• _What is required_
Exactly as written, retype the listing below, omitting the pictures.

____

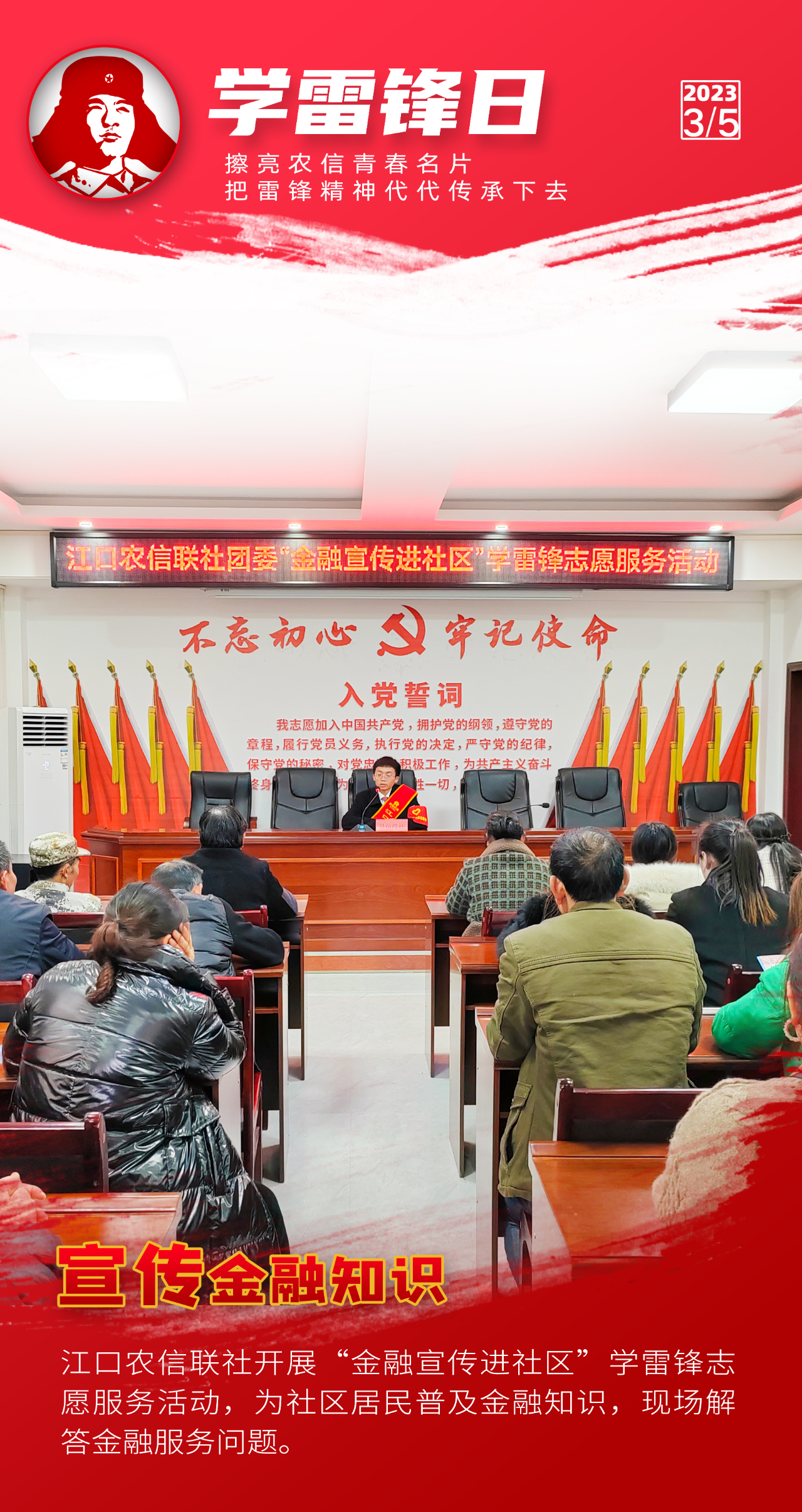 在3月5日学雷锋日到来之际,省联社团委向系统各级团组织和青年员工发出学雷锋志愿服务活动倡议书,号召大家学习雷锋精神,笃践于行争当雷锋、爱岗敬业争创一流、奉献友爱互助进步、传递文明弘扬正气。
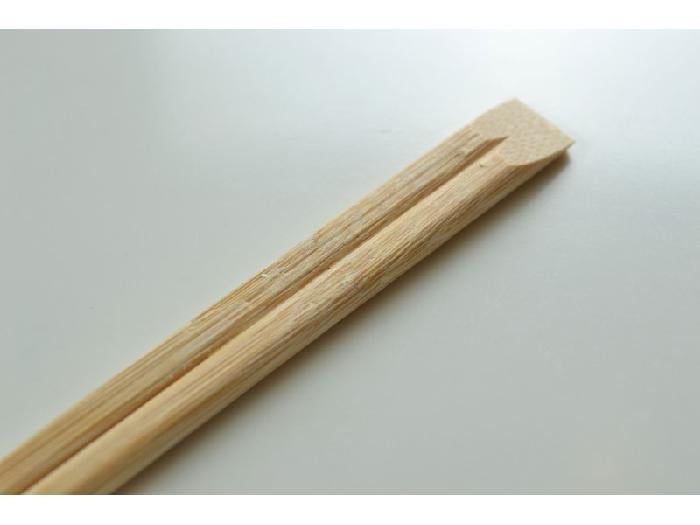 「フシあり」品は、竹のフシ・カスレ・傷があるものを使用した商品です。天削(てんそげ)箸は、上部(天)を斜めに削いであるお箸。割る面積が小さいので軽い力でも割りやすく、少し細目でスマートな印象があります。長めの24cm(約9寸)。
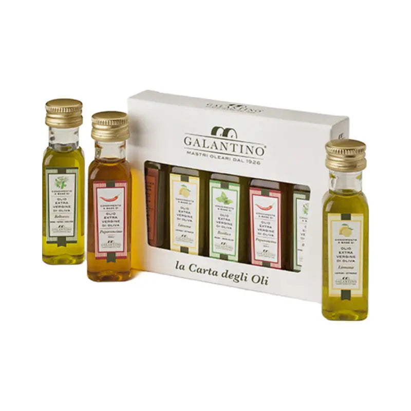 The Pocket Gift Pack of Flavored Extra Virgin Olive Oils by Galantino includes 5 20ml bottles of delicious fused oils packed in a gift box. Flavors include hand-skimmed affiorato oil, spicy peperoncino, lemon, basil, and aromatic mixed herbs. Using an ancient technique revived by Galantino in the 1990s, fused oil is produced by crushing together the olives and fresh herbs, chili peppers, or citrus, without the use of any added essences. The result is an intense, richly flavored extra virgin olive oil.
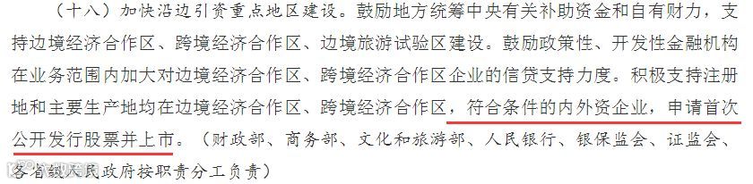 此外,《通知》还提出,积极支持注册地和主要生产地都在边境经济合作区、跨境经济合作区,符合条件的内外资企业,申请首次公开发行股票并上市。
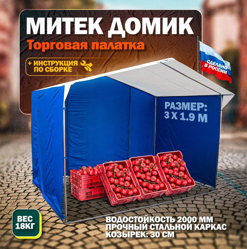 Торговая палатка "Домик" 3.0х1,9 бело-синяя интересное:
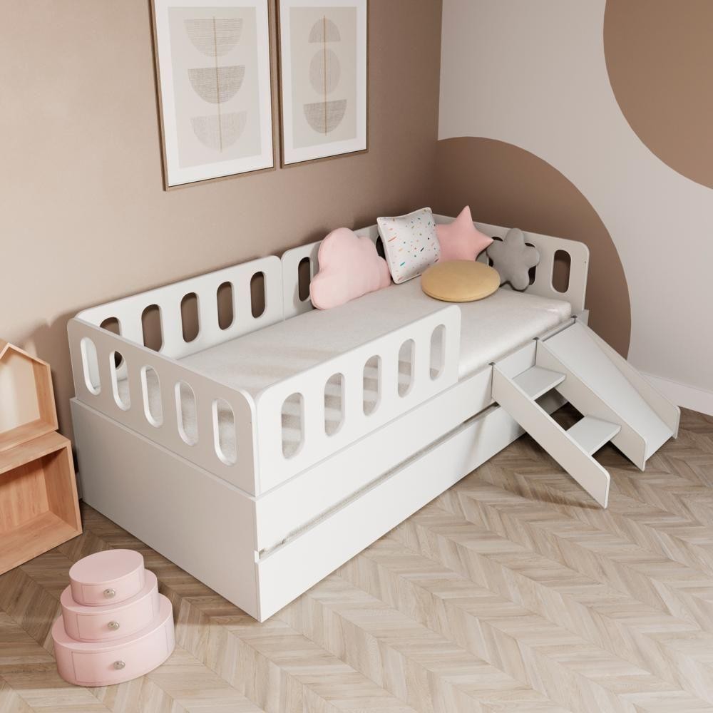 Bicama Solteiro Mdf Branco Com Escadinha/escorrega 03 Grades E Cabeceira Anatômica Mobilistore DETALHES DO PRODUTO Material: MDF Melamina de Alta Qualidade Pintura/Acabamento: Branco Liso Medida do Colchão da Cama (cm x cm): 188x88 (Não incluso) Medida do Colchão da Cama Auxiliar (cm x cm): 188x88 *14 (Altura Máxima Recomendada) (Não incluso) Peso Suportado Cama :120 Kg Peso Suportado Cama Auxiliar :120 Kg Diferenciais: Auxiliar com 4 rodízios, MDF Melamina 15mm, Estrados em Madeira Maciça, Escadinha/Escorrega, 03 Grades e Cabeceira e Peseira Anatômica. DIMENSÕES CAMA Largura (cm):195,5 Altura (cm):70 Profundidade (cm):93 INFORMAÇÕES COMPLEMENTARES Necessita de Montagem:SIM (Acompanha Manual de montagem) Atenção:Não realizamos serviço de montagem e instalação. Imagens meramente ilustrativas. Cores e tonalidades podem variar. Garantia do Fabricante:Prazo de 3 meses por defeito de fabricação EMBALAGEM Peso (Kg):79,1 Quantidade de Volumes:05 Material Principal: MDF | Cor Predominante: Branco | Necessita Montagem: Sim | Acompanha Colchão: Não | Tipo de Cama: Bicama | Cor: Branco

____

• _Finished exercise_
 在3月5日学雷锋日到来之际,省联社团委向系统各级团组织和青年员工发出学雷锋志愿服务活动倡议书,号召大家学习雷锋精神,笃践于行争当雷锋、爱岗敬业争创一流、奉献友爱互助进步、传递文明弘扬正气。
 「フシあり」品は、竹のフシ・カスレ・傷があるものを使用した商品です。天削(てんそげ)箸は、上部(天)を斜めに削いであるお箸。割る面積が小さいので軽い力でも割りやすく、少し細目でスマートな印象があります。長めの24cm(約9寸)。
 The Pocket Gift Pack of Flavored Extra Virgin Olive Oils by Galantino includes 5 20ml bottles of delicious fused oils packed in a gift box. Flavors include hand-skimmed affiorato oil, spicy peperoncino, lemon, basil, and aromatic mixed herbs. Using an ancient technique revived by Galantino in the 1990s, fused oil is produced by crushing together the olives and fresh herbs, chili peppers, or citrus, without the use of any added essences. The result is an intense, richly flavored extra virgin olive oil.
 此外,《通知》还提出,积极支持注册地和主要生产地都在边境经济合作区、跨境经济合作区,符合条件的内外资企业,申请首次公开发行股票并上市。
 Торговая палатка "Домик" 3.0х1,9 бело-синяя интересное:
 Bicama Solteiro Mdf Branco Com Escadinha/escorrega 03 Grades E Cabeceira Anatômica Mobilistore DETALHES DO PRODUTO Material: MDF Melamina de Alta Qualidade Pintura/Acabamento: Branco Liso Medida do Colchão da Cama (cm x cm): 188x88 (Não incluso) Medida do Colchão da Cama Auxiliar (cm x cm): 188x88 *14 (Altura Máxima Recomendada) (Não incluso) Peso Suportado Cama :120 Kg Peso Suportado Cama Auxiliar :120 Kg Diferenciais: Auxiliar com 4 rodízios, MDF Melamina 15mm, Estrados em Madeira Maciça, Escadinha/Escorrega, 03 Grades e Cabeceira e Peseira Anatômica. DIMENSÕES CAMA Largura (cm):195,5 Altura (cm):70 Profundidade (cm):93 INFORMAÇÕES COMPLEMENTARES Necessita de Montagem:SIM (Acompanha Manual de montagem) Atenção:Não realizamos serviço de montagem e instalação. Imagens meramente ilustrativas. Cores e tonalidades podem variar. Garantia do Fabricante:Prazo de 3 meses por defeito de fabricação EMBALAGEM Peso (Kg):79,1 Quantidade de Volumes:05 Material Principal: MDF | Cor Predominante: Branco | Necessita Montagem: Sim | Acompanha Colchão: Não | Tipo de Cama: Bicama | Cor: Branco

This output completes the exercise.